5 of 73 comments (clear)

  1. Re:Stake your claim by Nerdfest · · Score: 4, Informative

    Many businesses currently use FaceBook and Twitter, and I would imagine the numbers will only increase. What it's 'meant' for often has little to do with how it will be used.

    Even if businesses just watch for opinions and complaints, it's probably something worth their time.

  2. Re:lol by johny42 · · Score: 5, Insightful

    The fact that some people need/want to be registered on 120 social networking sites at once means that something's horribly wrong here.

    There should be a single social network that is flexible and open enough so that there's no need for any other one. In fact, there already is such a network. It is called the Internet.

    We just need to utilize it the right way. Distributed social networking is the future, not a service that tries (and very probably fails) to manage your identity on 120 different centralized social networking services.

  3. Re:lol by Jurily · · Score: 4, Insightful

    The fact that some people need/want to be registered on 120 social networking sites at once means that something's horribly wrong here.

    I may only want one, but I might have friends scattered across, say, five of these. And I wouldn't want anyone to impersonate me on the 115 remaining sites.

    There should be a single social network that is flexible and open enough so that there's no need for any other one. In fact, there already is such a network. It is called the Internet.
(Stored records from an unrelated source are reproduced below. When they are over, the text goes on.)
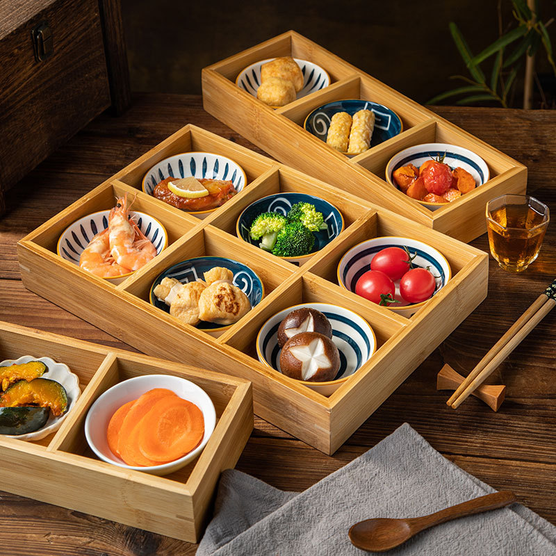 IJ6J wholesale bamboo wood Jiugongge hot pot platter side dish Seasoning snack ingredients compartment special rectangular tray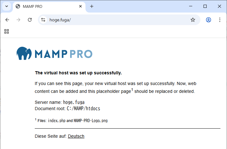 https://hoge.fuga/ にアクセスし、MAMPのindexページが出てきたら成功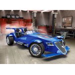 Vehiculul impresioneaza prin liniile sale aerodinamice si o caroserie in nuante vii de albastru.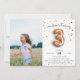 Adorable party invitation's for your little one's third birthday party feature a rose gold "3" balloon on a background of gold, rose gold and black confetti dots. Personalise with your birthday party details in modern and whimsical black lettering, and add a favourite photo of the birthday girl on the left side. Cards reverse to solid blush pink.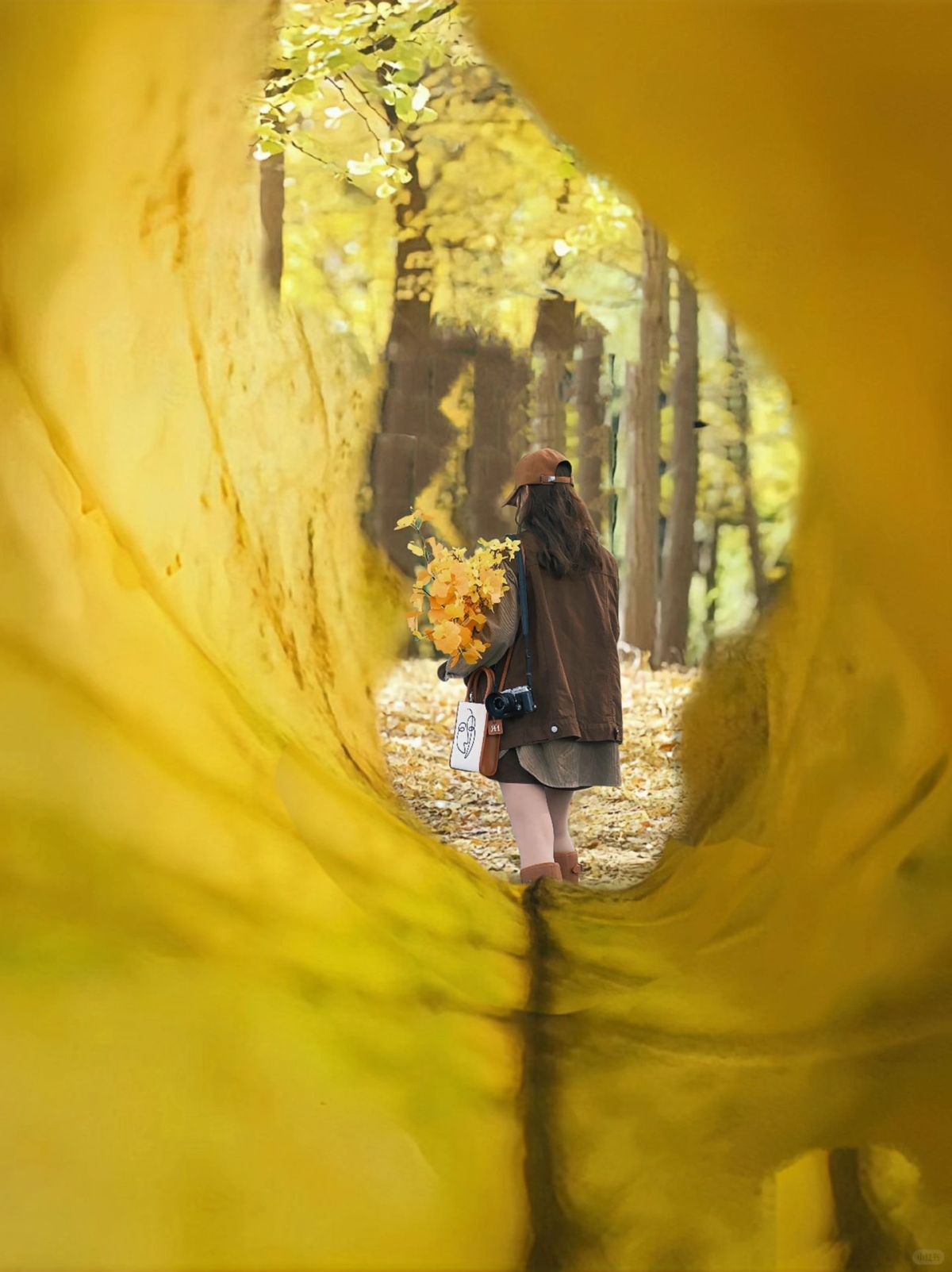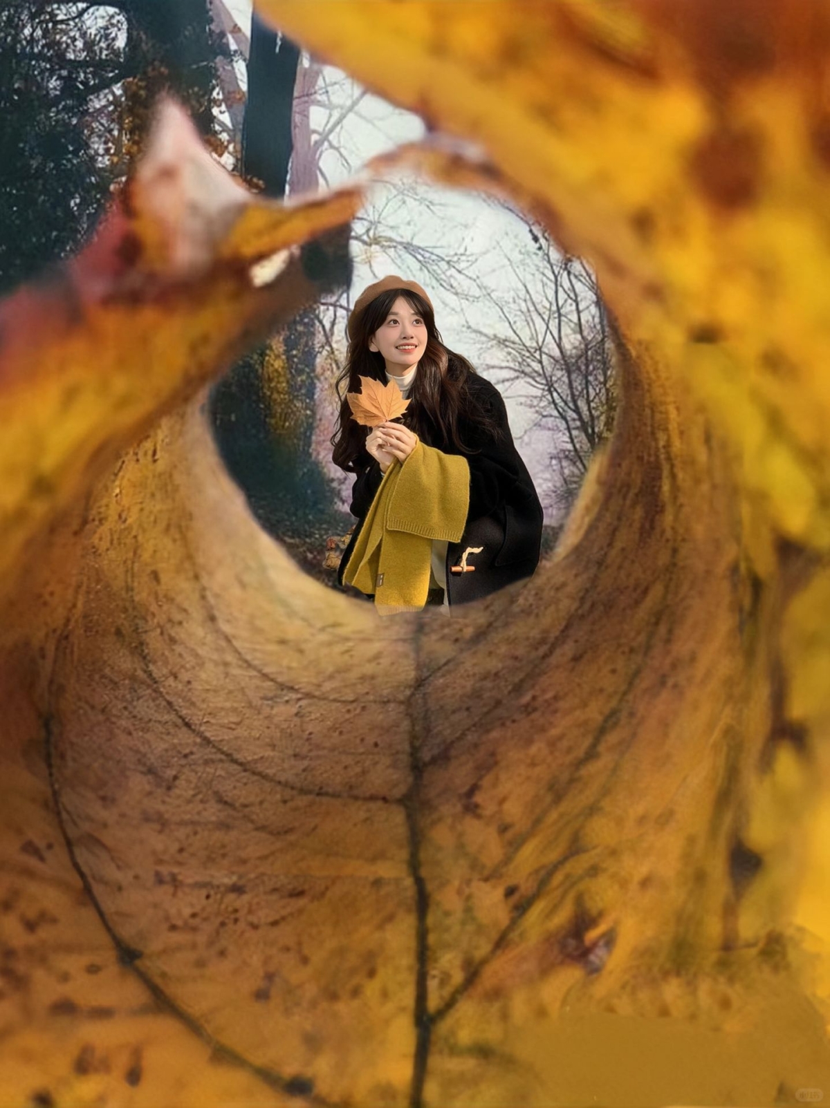 想拍出意境滿滿的落葉照,這種絕對要學!選一片偏枯黃的落葉,依據想要的形狀捲起來,中空的部分對準鏡頭就可以拍了~人管近拍還是遠拍都好看,尤其照片呈現從鏡頭穿過去像隧道一樣的感覺,還有斑駁的紋路,看起來相當高級。

    You don't want to be identified as yourself across the whole Internet. Trust me.

  4. Hey! by bensafrickingenius · · Score: 4, Insightful

    Someone is impresonating me on Facebook! I demand action!
    Sincerely,
    John Smith

    --
    I am not left-handed, either!
  5. Banned From Digg via Knowem by Anonymous Coward · · Score: 4, Interesting

    A word of caution: I used this service and Digg banned my account for "multiple accounts" since my account was created at the Knowem place along with other Knowem users' accounts.

    All I wanted was one Digg account under my brand's trademark name and now that name is stuck with a disabled account.